Based on comprehenders accurate plausibility judgments as well as a robust P600 ERP effect, Chow et al. (2018) suggested that comprehenders reliably use argument role information for the real-time interpretation of a sentence. Furthermore, they suggest that their predictions, as reflected in an N400, are not immediately sensitive to argument role information. Under that account, comprehenders immediately and reliably use argument role information to interpret thematic relations when the verb appears, but they may not use this information quickly enough to predict the upcoming verb before it appears in the input (Chow et al., 2018). Similarly, the information provided by a negation might not be used quickly enough to adapt the system to the scenario that could be described by a negative sentence since a) the sentence has to be reanalyzed from an affirmative-first to negative polarity, and b) the inference to what is the case has to be made, if possible.
2.2.6 Scope
The activation of alternatives depends on the scope of the negation and therefore on the negated dimension within a sentence. For example, in a sentence like “Holly did not eat a pizza for dinner”, it can be the subject (Holly), the action (eating), the object (the pizza) and the specification (for dinner) that can be negated and that, therefore, open up space for alternatives.6 Tian et al. (2016) have shown that in sentences with clear scope and therefore clearer alternatives, (e.g., It is John who hasn't ironed his brothers shirt) incremental comprehension is facilitated.
2.2.7 The Polarity Index
Any sentence is by default indexed as being true until there is evidence to the contrary (cf. Clark and Chase, 1972). In analogy to this truth index, we postulate a polarity index assuming that a sentence is parsed under the supposition that it is of affirmative polarity until there is evidence to the contrary. From a logical point of view, it is the use of a negative polarity marker that requires the change of the truth value leading to an additional logical operation and therefore possibly leading to increased processing costs. Yet, that presupposes that we parse a sentence with affirmative polarity first.

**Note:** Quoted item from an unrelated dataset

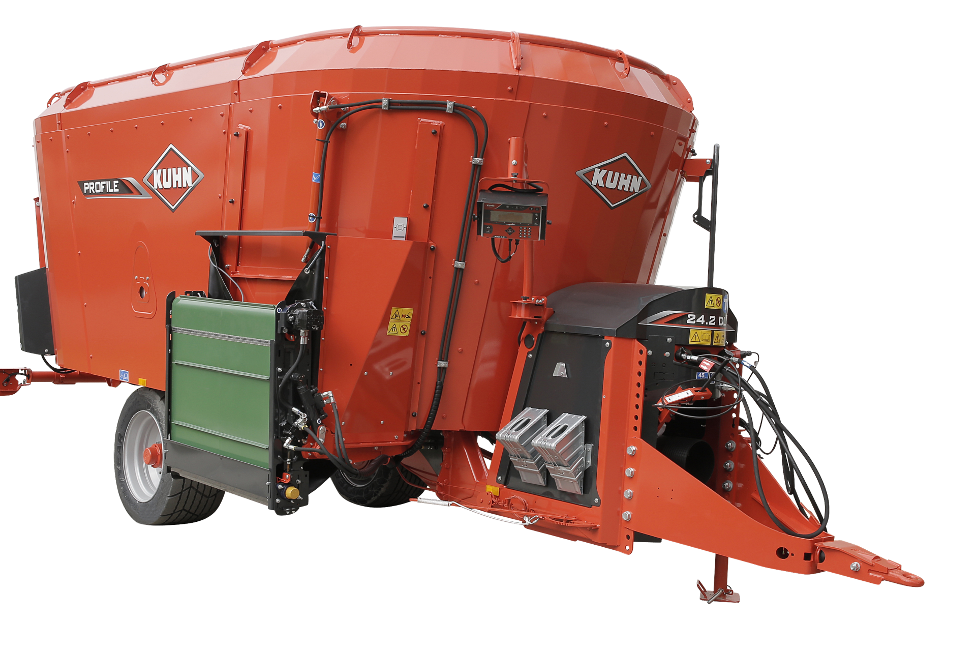 S kapacitami od 18 m³ do 34 m³ jsou tyto stroje ideální pro větší farmy a pro manévrování v těsných prostorech. Tato nová řada krmných vozů PROFILE nastavuje zcela nový standard v sektoru tažených krmných vozů.

This affirmative first hypothesis finds support by studies that show direct effects of the negative marker, especially such effects that indicate rather structural reprocessing (for example, a late positivity in an ERP-study, e.g., Fischler et al. (1983), Lüdtke et al. (2008), Spychalska et al. (2019, 2023)). The idea of certain default structures that are preferred across several languages is not new. Regarding the sequence of subject and object (or actor and undergoer on the semantical level), it is well known and has been proven in several studies that there is a preference to interpret the first entity of a sentence as being the grammatical subject. Among others, this preference results in the so-called subject-object asymmetry, leading to the often observed effect of object relative clauses being more difficult to understand than subject relative clauses, which often is traced back to the so-called “subject-first-preference” (King and Just, 1991; King and Kutas, 1995; Gordon et al., 2001; Bornkessel-Schlesewsky and Schlesewsky, 2009). Accordingly, a preference for the more frequent affirmative polarity can be assumed, resulting in an asymmetry between affirmative and negative sentences.
After having introduced aspects of prediction and how they modulate language comprehension, especially the comprehension of negated sentences, the next section introduces the inhibition of previously activated representations in case a negation is encountered in the linguistic input.
3 Inhibition
3.1 Inhibition in language comprehension
In Section 2.1 we described the possibility of multiple predictions with either equal or graded probability. This leads to the question of what happens with activations that are no longer required, for example, due to multiple predictions that happened in parallel. When prediction is understood in terms of pre-activation leading to memory retrieval of upcoming linguistic material (cf. Brouwer and Hoeks, 2013; Brouwer et al., 2012; Brouwer et al., 2016), as it is the case in this article, it is, therefore, possible that some of these activations turn out to be “unnecessary”, namely in cases of a prediction error. However, what happens to these activations? Do they get deactivated7 once they turn out to be unnecessary? And if so, does this deactivation happen gradually in a similar way to activation being gradual?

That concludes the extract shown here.